К вечеру дождь сменяется редким снегом. Мелкое белое крошево стремительно падает на вымокшие улицы и столь же стремительно тает. Пронзительно-ледяной мрак гуляет по городу вместе с ветром. В такую беспросветную не уютность обычно Бог прибирает бездомных бродяг и больных животных.
Она давно мерзнет. Одежда не успевает высохнуть от утреннего дождя, а другой в наличии не имеется. Возвращаться не тянет. Вернуться – и будет еще хуже! Там ждут ее подсохший позавчерашний батон, старые газетные объявления о вакансиях и ненавистные стены съемной комнаты. К ним прилагаются замусоленная общая кухня, ржавая ванная, капающий кран и окрашенный в грязно-синюю маслянистую краску с потолка до пола туалет, какие оставались, наверное, исключительно в заброшенных психдиспансерах времен перестройки. Она, конечно, не знает, как на самом деле выглядят помещения психоневрологических диспансеров, но сейчас кажется, что именно так.

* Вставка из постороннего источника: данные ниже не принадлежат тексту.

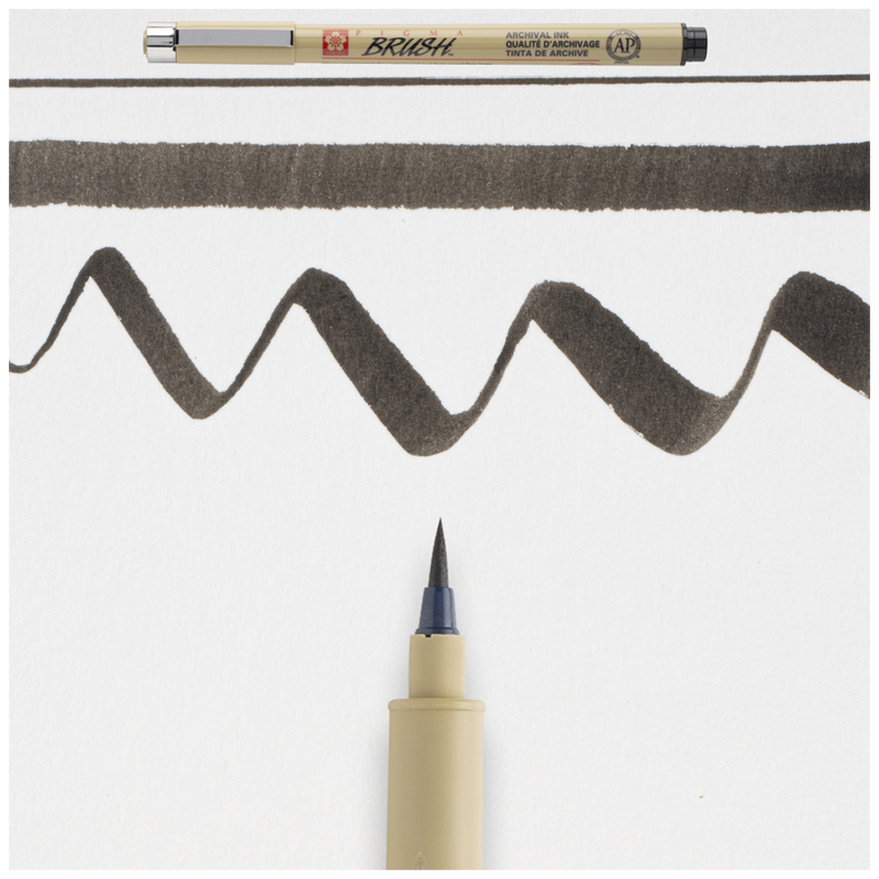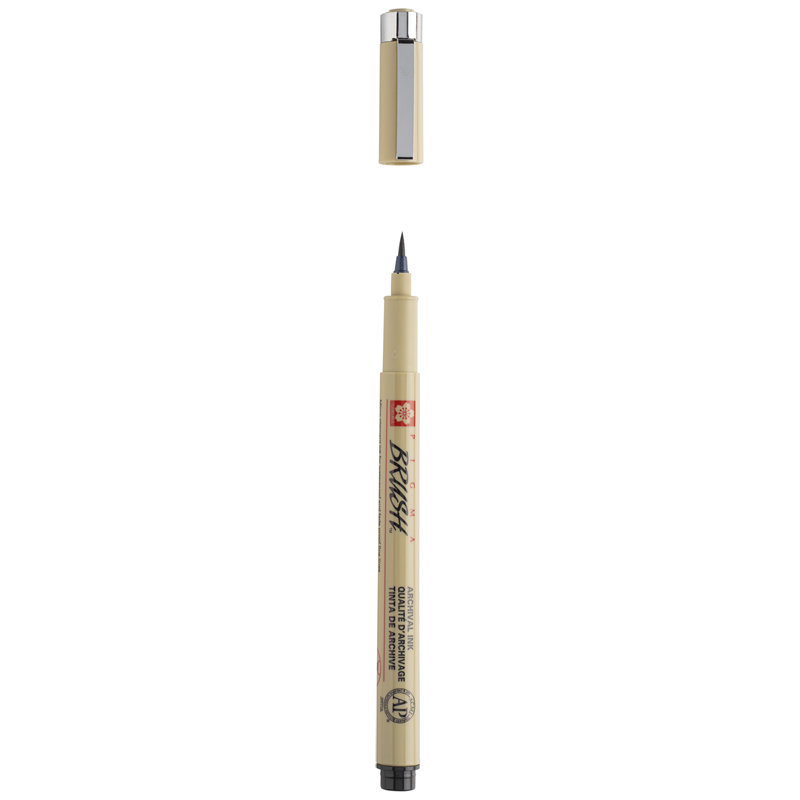 Капиллярная ручка Sakura Pigma Brush. Запатентованные бескислотные архивные светостойкие чернила. Быстро сохнет. Чернила не смазываются и не протекают на большинстве типов бумаги. Наконечник-кисточка обладает исключительной гибкостью. Не высыхает без колпачка. Количество цветов: 10 Размер одной ручки: 136мм*13мм*13мм. Масса одной ручки: 9 грамм. - В ручках серии Pigma используются архивные чернила Pigma Ink: светостойкие (не выцветают), химически стабильные, на водной основе и пигментах. После высыхания устойчивы к воздействию воды (не расплываются при попадании на воды на бумагу), не пачкаются, не смазываются и не проступают на оборотную сторону листа (для большинства видов бумаги)
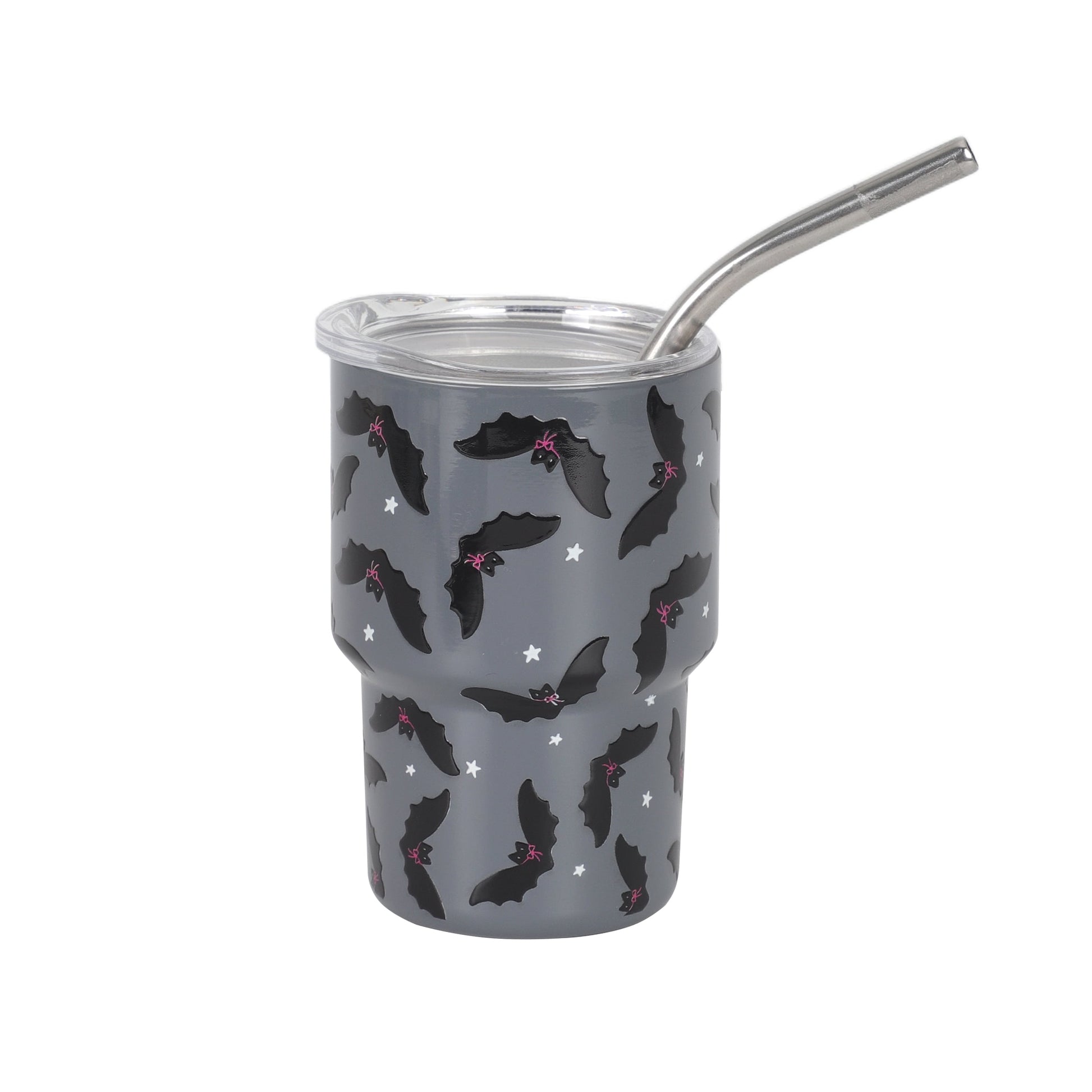 Cook With Color 5 oz Halloween Mini Tumbler with Lid & Straw Ð Bat Design, Non-Slip Silicone Base
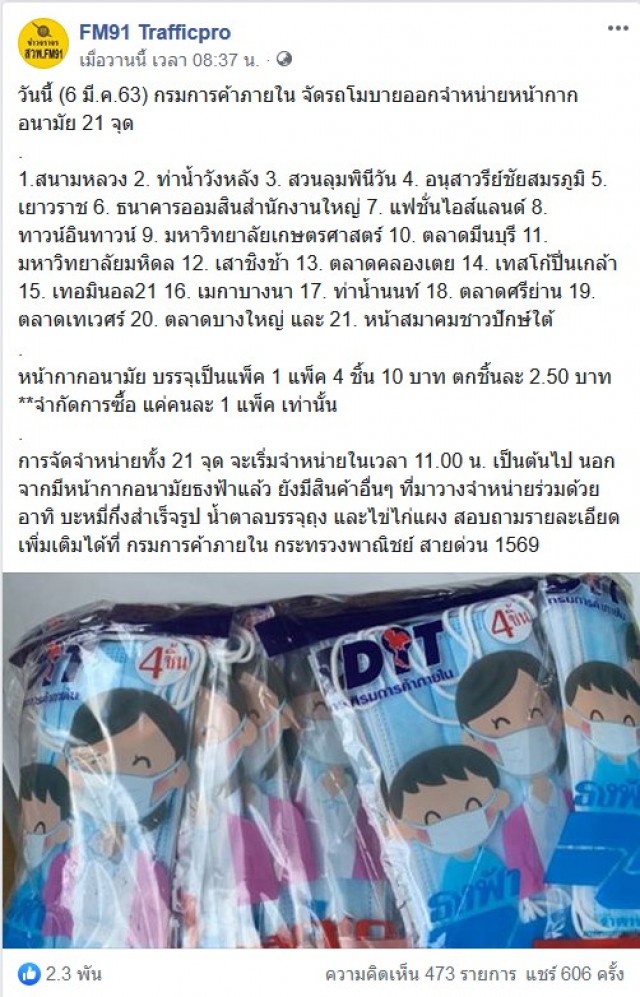 จากสถานการณ์ในปัจจุบัน ทำให้ประชาชนทั่วโลกรวมไปถึงประเทศไทยด้วย ที่กำลังขาดแคลนหน้ากากอนามัยอย่างมากเลยทีเดียว ซึ่งก็ได้มีบางคนกักตุนหน้ากากอนามัยไว้เพื่อขายแพงเป็นจำนวนมาก ล่าสุดทางเพจ FM91 Trafficpro ได้โพสต์แหล่งขายหน้ากากอนามัยทั้งหมด 21 จุด ในราคาถูก พร้อมระบุข้อความว่า
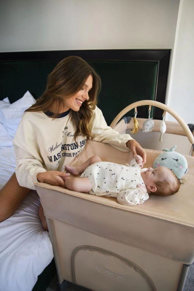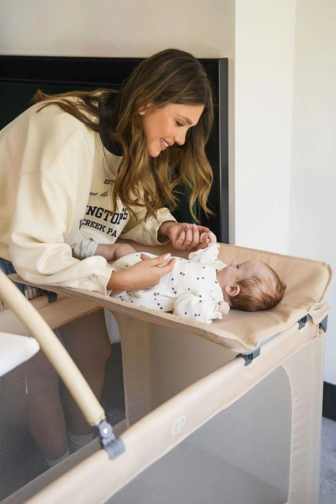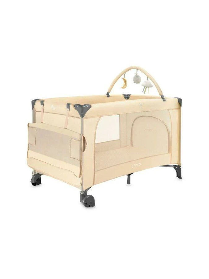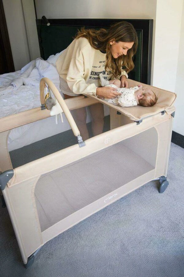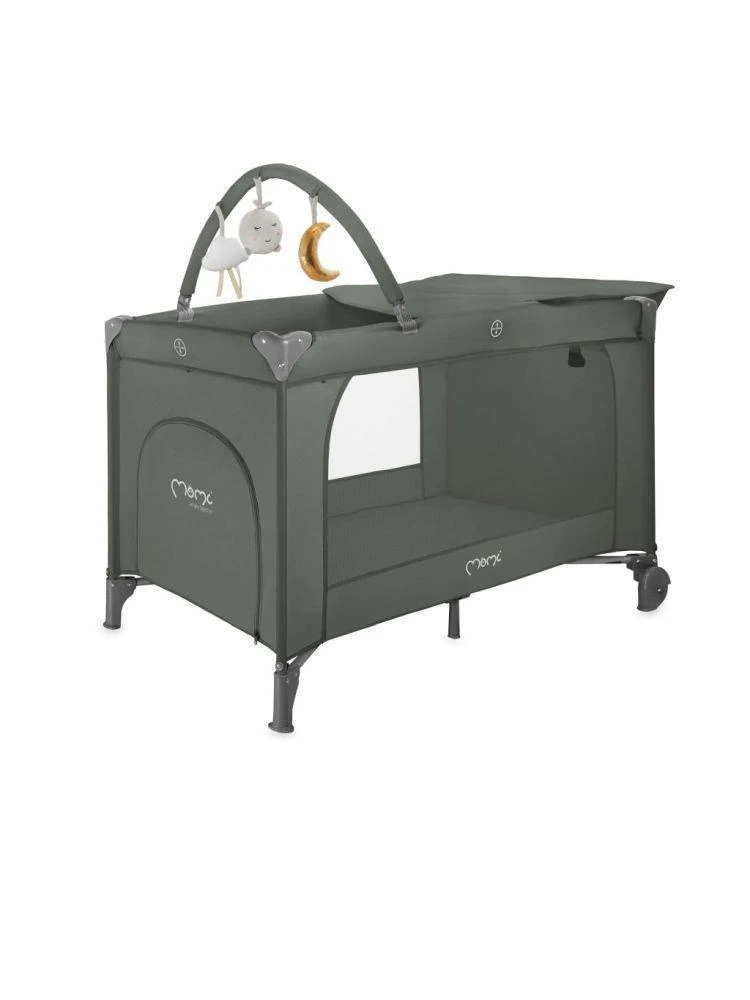 Součástí postýlky je matrace, hrazdička s hračkami a přebalovací pult.
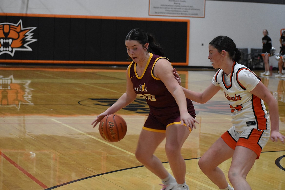 The Mavs made a good start over the Tigers with a strong defensive performance in the first half. MLHS kept up the pressure on the net and kept Ephrata under 10 points until the final few seconds of the half, when Maycee Black scored a layup to put the score at 23-11.
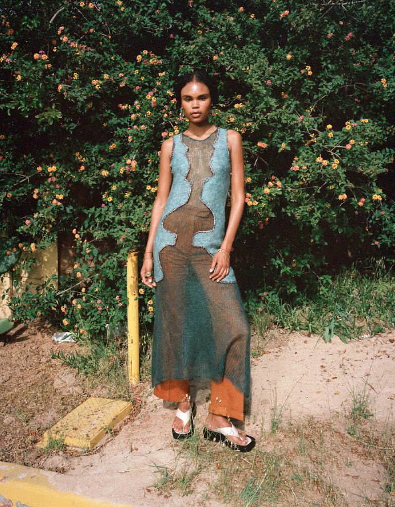 Tuana describes porosity of flesh as “[T]he hinge through which we are of and in the world.” In this instance, raw materials mediate the interaction of the commercial fashion label, Gaigher’s fine art practice and the applied knowledge of crafter Makaita Gobvu of the cowgirlblues team. “I knew cowgirlblues would be the perfect company to work with,” Mdingi says, “Mohair and silk marino wool would be the perfect raw materials to just bring that essence of Jeanne Gaigher as well as Lukhanyo Mdingi together.” In our conversation, Mdingi asserts, “The premise of our label is human beings more than anything else… I think there is something quite unparalleled with the human hands.” During the drafting process, Gaigher conjured a fictional set of a-symmetrical ribs curling down the centre of the body, which Gobvu then translated into a set of symmetrical lines with a hand-knitting machine. Gaigher discerns the differences between her lines and Gobvu’s machine as two different choreographies of the hand. I think of Gaigher’s hand choreography as also linguistic: the impossibility of a direct translation from one language to another.
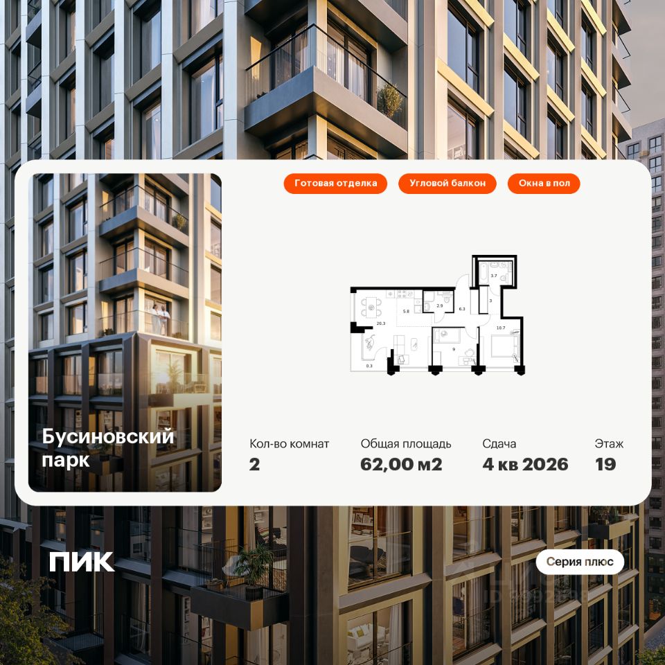 Продаётся 2-комн. квартира площадью 62 кв.м на 19 этаже 32 этажного дома (Корпус 22.3, Секция 3) проекта ПИК Бусиновский парк. Светлый просторный подъезд на уровне земли, функциональная планировка, большие окна, c отделкой.
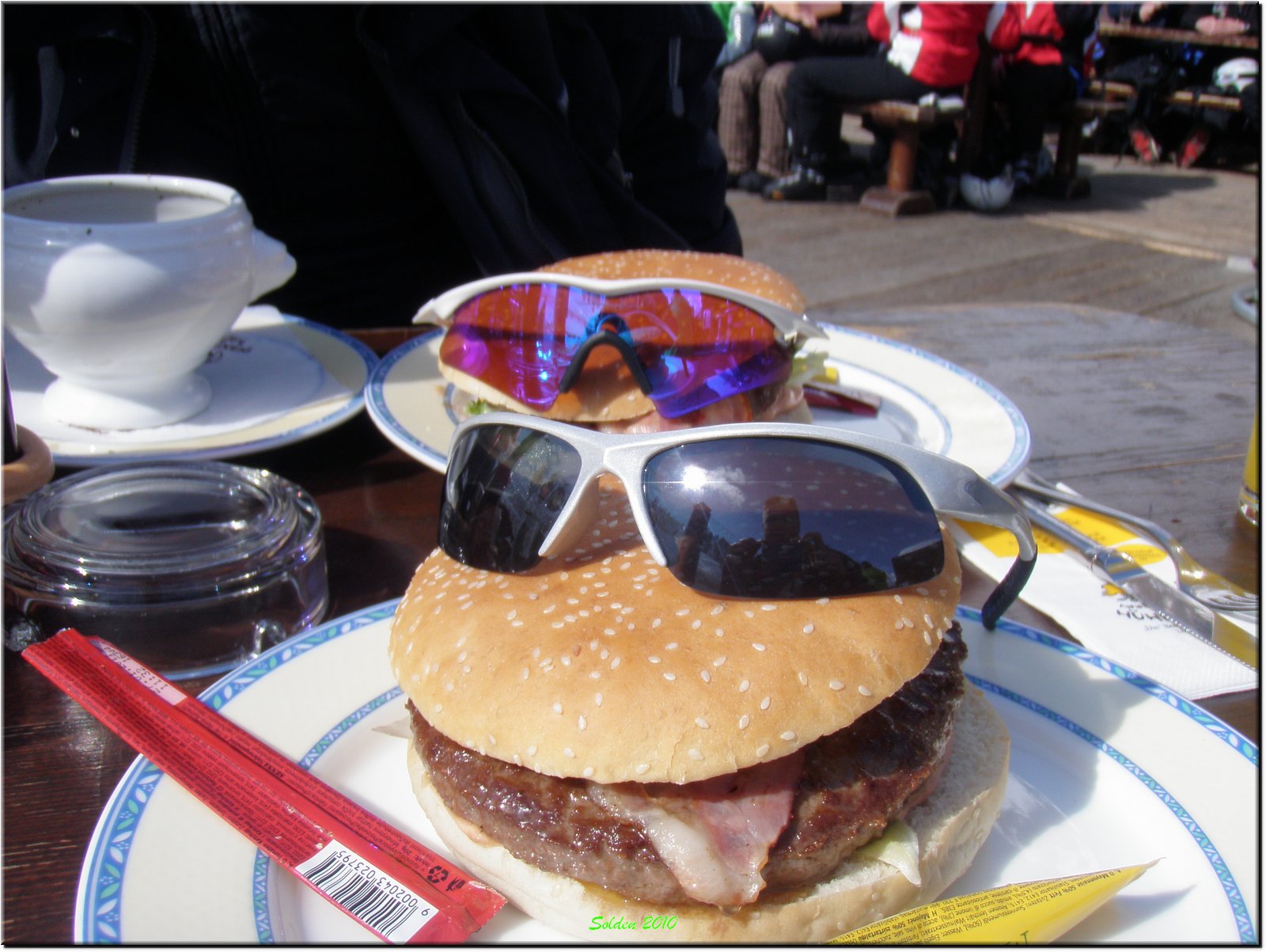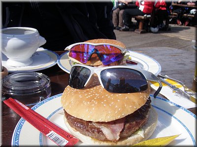 Te koud voor de Gletsjer. Dan maar een maxi-hamburger eten :) Yummie!
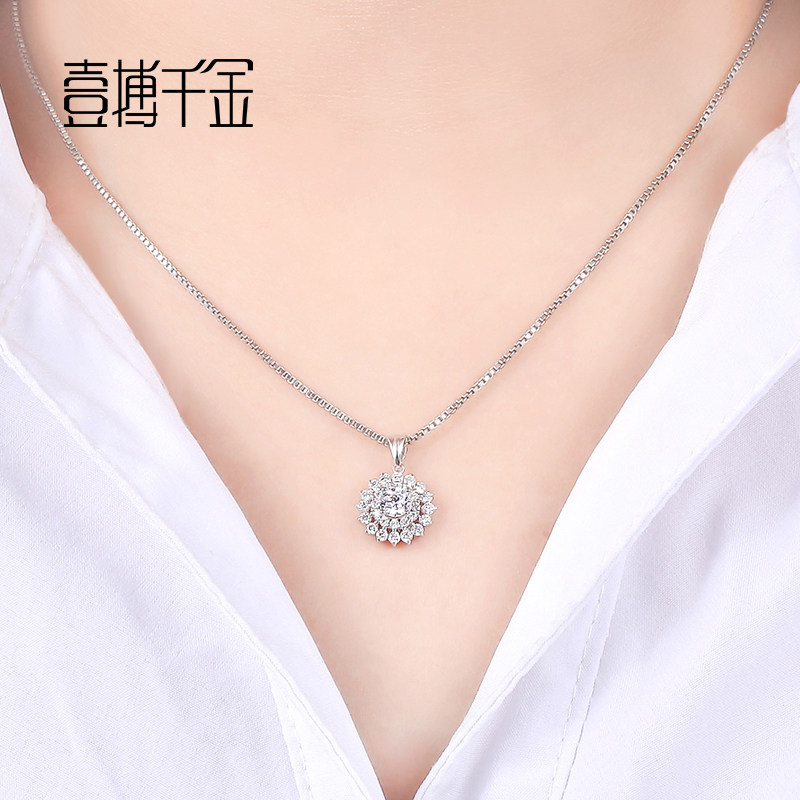 18k Gold White Gold Diamond Pendant Women's Necklace Custom Diamond Cluster Wedding Pendant

– Еще благодарить меня будешь! – сказал тогда ей хозяин комнаты, неряшливый питерский алкаш неопределенного возраста – дед Василий. Редкие пепельные волосы, сходящие с пигментированного старостью блестящего лба и свисающие с висков и затылка, немыто лоснились. Замусоленная душегрейка издавала крепкий запах табака, рыбы и ядреного пота, болтаясь на тощем теле. Клетчатые нитяные тапки на грубой резиновой подошве при ходьбе издавали странный стонуще-хлопающий звук.
Пока они стояли в дверях, воздух пропитался удушливым перегаром. Взгляд девушки рассеянно скользнул по комнате, мятому лицу хозяина, его запачканной и залитой майке и остановился на дорожном чемодане.